Minority government: what is constitutionally relevant
At the time of writing the result of the election seems to be that the Gillard Labor government has lost its majority. The Liberal National Coalition led by Tony Abbott seems just ahead, but also does not have a majority.
Both Ms. Gillard and Mr. Abbott have indicated they are prepared to lead a minority government. Such a government must enjoy the confidence of the House of Representatives; that is the essence of the Westminster system.
Recall that the Speaker cannot join in an expression of confidence; he or she only enjoys a casting vote when the House is equally divided. Andrew Bolt suggests Mr. Abbott invite Kevin Rudd to be Speaker. If this occurred one Labor vote would be neutralised.
Under the Constitution, the executive power of the Commonwealth is formally exercised by the Governor-General, and accordingly Her Excellency will play a significant role.
The vice-regal involvement in the formation of a minority government arose after the recent elections in Tasmania. His Excellency the Honourable Peter Underwood published his reasons for re-commissioning the outgoing Premier David Bartlett to form a government in controversial circumstances. The Governor-General will no doubt find this document useful.
The Governor said it was his duty as The Queen’s representative to protect and maintain the Constitution and representative parliamentary democracy. He had to ensure that elections were conducted in accordance with the law and that there is an orderly transition of government. The duty obliged the Governor to find the person who can form a stable government which will have the confidence of the House of Assembly.
The Governor stressed that the commissioning of a person to form a government was entirely his prerogative.
He dismissed two arguments, one of which is being raised now in the formation of the next Federal government. Ms. Gillard today relied on the size of the two party preferred vote as a reason for her to lead a minority government. The Tasmanian Governor dismissed similar arguments about the size of the Liberal vote as “constitutionally irrelevant to the issue of who should be commissioned to form a government.”
(Mr. Abbott has referred to the fact that 400,000 more people voted for the Coalition rather than Labor, but has not directly claimed this as justification for appointment. That too would be constitutionally irrelevant.)
The other matter the Governor ruled irrelevant were the statements and promises made by the Premier. Before the election the Premier had said that if Labor did not gain an overall majority he would advise the governor “that Mr. Hodgman ( the Leader of the Opposition) should have the opportunity to form a Government in the first instance”. Mr. Bartlett so advised the Governor. In addition Mr. Bartlett had made statements before the election that “his party would not vote against legislation appropriating supply, nor would they (sic) wantonly move or support a no-confidence motion in the government.”
But when asked by the Governor, he declined to undertake to support Mr.
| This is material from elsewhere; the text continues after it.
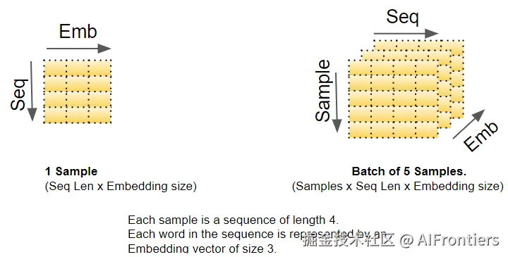 我们知道,深度学习模型一次处理一批训练样本。嵌入层和位置编码层操作的对象,是代表一批序列样本的矩阵。
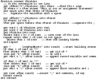 For the line transformation subtask, this obstacle never became an issue because the inaccessible data and operators obstacle alone prevented automating the subtask. But had data and operators been accessible, the effort of entering the algorithm would be a serious obstacle with many programming systems. For example, assume the program editor had a scripting language as extensive as the HyperTalk scripting language of HyperCard. Figure 2 shows a HyperTalk script that will automate the line transformation subtask, assuming that the line has been isolated in a variable. To make use of this HyperTalk script, the user would have to create it based on their algorithmic understanding of the subtask and physically enter it into the scripting system's editor. Just the physical effort of typing these 1185 characters (692 characters if comments and leading blanks are not included) is likely to undermine the benefits of automating. So while textual programming languages like HyperTalk are perfectly good programming languages for many purposes, they are often too verbose to be effective just-in-time programming languages.

Hodgman in the House.
The Governor ruled that the Royal prerogative to commission the Premier “is not within the gift of any political leader to hand over, or cede to another political leader the right to form a government, whatever the result of the election.”
The Tasmanian Governor found on the facts as presented to him that the Opposition Leader Mr. Hodgman was not in a position to form a stable government. Consequently, he was obliged to send for Mr. Bartlett, who still held a commission to form a government. He reminded him that as Premier, he “had a constitutional obligation to form a government so that the Parliament could be called together and the strength of that government tested on the floor of the House of Assembly.”
Mr Bartlett accepted that he had this obligation and the process of forming a new government proceeded.